During the course of the 1800s, Britain became the most prosperous and technologically advanced nation in the world. Invention, mechanization, and industrialization brought the greatest and most far-reaching change in England and the English. The nation quickly grew in confidence of its place as a major world power. Fueled by the wealth of her industrialization and new manufacturing industries, her influence spread across the globe to the far corners of her empire. This was a new world and with it came a new order to challenge the old accepted power structures. A new middle class of wealthy industrialists whose money gave them power and influence became the Victorian wealthy, and their choices and values ​​were to be a major influence on Victorian life. Their money, founded on the production of the new factories, bought them beautiful new houses, large and important. These large new houses borrowed the styles of the upper classes with many rooms that needed to be filled in. The rise of the middle classes meant more houses with more money to spend and a need for more furniture.

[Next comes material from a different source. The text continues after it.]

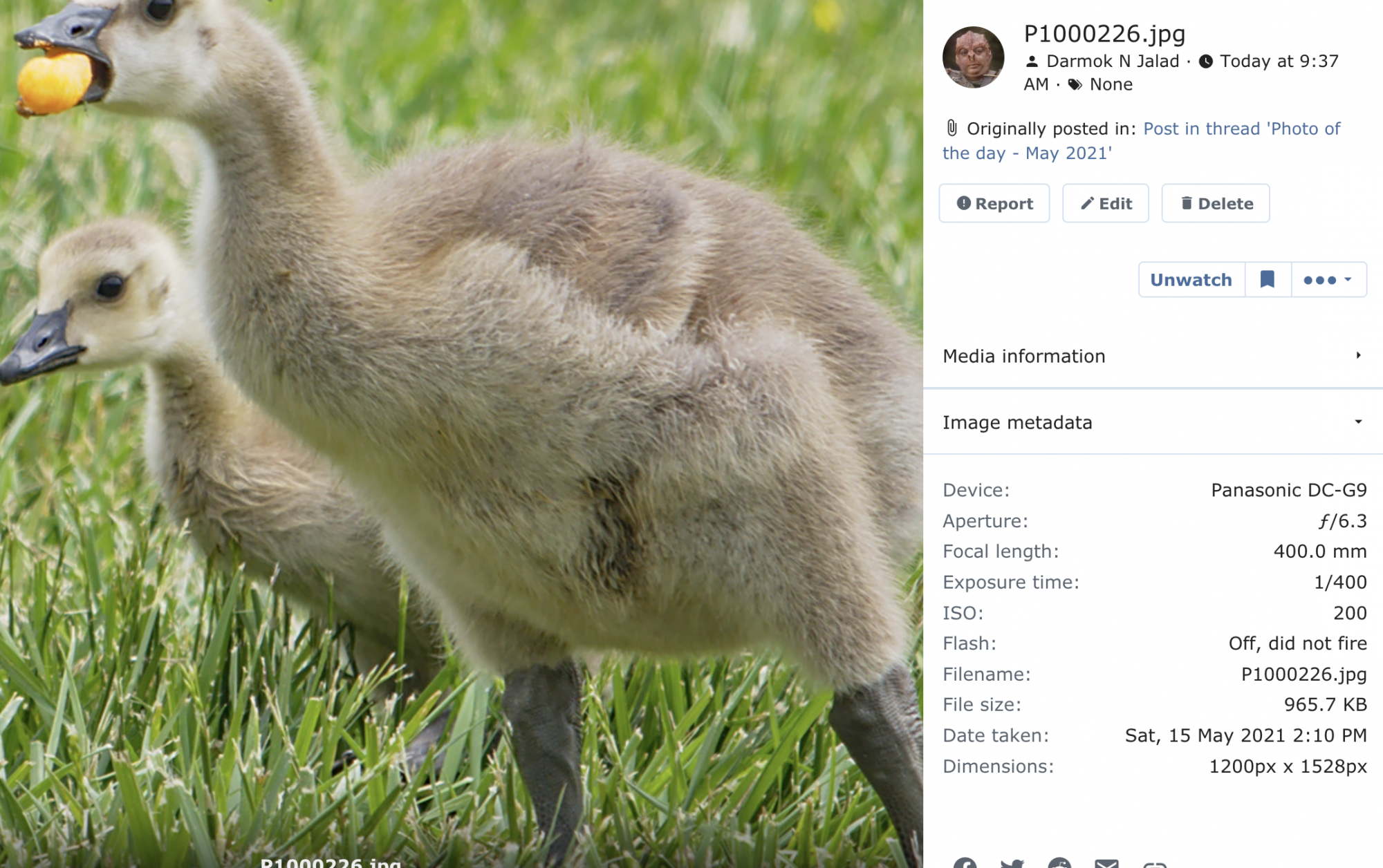 Hmm, I will have to try this. Some people strip metadata when they export for web.Great detective work. Hopefully we kept the spirit of the law going.I don't post EXIF data out of laziness. I'm spoiled by MU-43.com that includes the EXIF under each submittal for subscribing members. Related, I notice if you upload to MR to post, you can click on the image, then the little arrow on the upper right brings up a sidebar, which halfway down has an expandable metadata option. The only key detail lacking is lens info. What I don't understand is why it does it for some posts but not all?

Along with the new modern Victorian world came an inevitable change in the style of the Victorian home and the history of Victorian furniture is varied. Furniture styles that reflected a fascination with the past were also a display of what was now possible in design and production. This era saw the beginning of the mass production of furniture in a manufacturing industry whose new industrial techniques could rapidly reproduce styles and designs that had hitherto been expensively carved by craftsmen.

The history of Victorian furniture is one of variety. The grace and fine lines of Regency-style furniture fell out of favor and was replaced by the sturdier, heavier furnishings of the prosperous Victorian home. Ornate decoration and glossy dark woods of mahogany and rosewood veneers and elaborate machine-turned legs. However, no one style was dominant in the Victorian home, as designers, encouraged by the rapid output of the new furniture-making industries, gave free rein to their imaginations. It was now possible to mass-produce styles from other historical periods, and reproduction of earlier styles from the Tudor, Elizabethan, and Neoclassical periods became popular. However, the style that is perhaps most reminiscent of this period is the Gothic Revival style. Large, heavy furniture of Gothic design was made from solid oak to reflect the English character. The Victorians embraced the Gothic style enthusiastically, as can be seen in the architecture and art, as well as the design of these furnishings. The history of Victorian furniture mirrors the history of the Victorian era, where a society experienced great changes but also great uncertainties. Which made them look forward with pride and confidence while still looking back to a fictional age of order, glory and chivalry.